It’s come round so quickly – that festive time of year again. And with it comes some seasonal limited edition chocolates from Kokopelli’s. This year I fancied giving those classic, favourite flavours a bit of a makeover.

And so… drum roll please… I present you with the clementine pate de fruit.

It’s a French-style fruit jelly (vegetarian of course!), made with tangy clementine puree, enrobed in a fruity Madagascan dark chocolate, and decorated with a dot of orange cocoa butter to finish. As you bite into it, the chocolate cracks between your teeth and the soft jelly yields to your tongue. It’s rather delightful, even if I say so myself.

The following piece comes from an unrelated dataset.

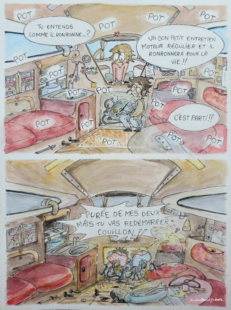 Sarah : Oui, on aimerait bien créer des événements conviviaux, comme des expos, des vernissages pour montrer nos planches selon les ports où l’on se trouve, et les gens pourraient y venir boire un coup. Par ailleurs, ça nous plairait bien aussi de faire un livre du genre La voile pour les nuls, avec les choses à ne pas faire, sur le ton de l’humour.

Next up, we have the nutmeg caramel.

nutmeg caramel cut sm

This is a slightly salted soft caramel, infused with freshly grated nutmeg. It is nestled in a dark milk chocolate shell (yup, that’s a milk chocolate with a very high cocoa content, giving you that chocolate hit and milky creaminess all in one delicious mouthful), swirled with pink cocoa butter and a touch of gold lustre. Christmas all wrapped up in a delicate little dome.

These limited edition wintry beauts will feature in our mixed selection box over the holiday period. We will also be at The Chocolate Festival again this year – Friday 13th December through to Sunday 15th December. It’s on the Southbank Centre Square – please do drop by to say hello and support us in the freezing weather!

Happy holidays!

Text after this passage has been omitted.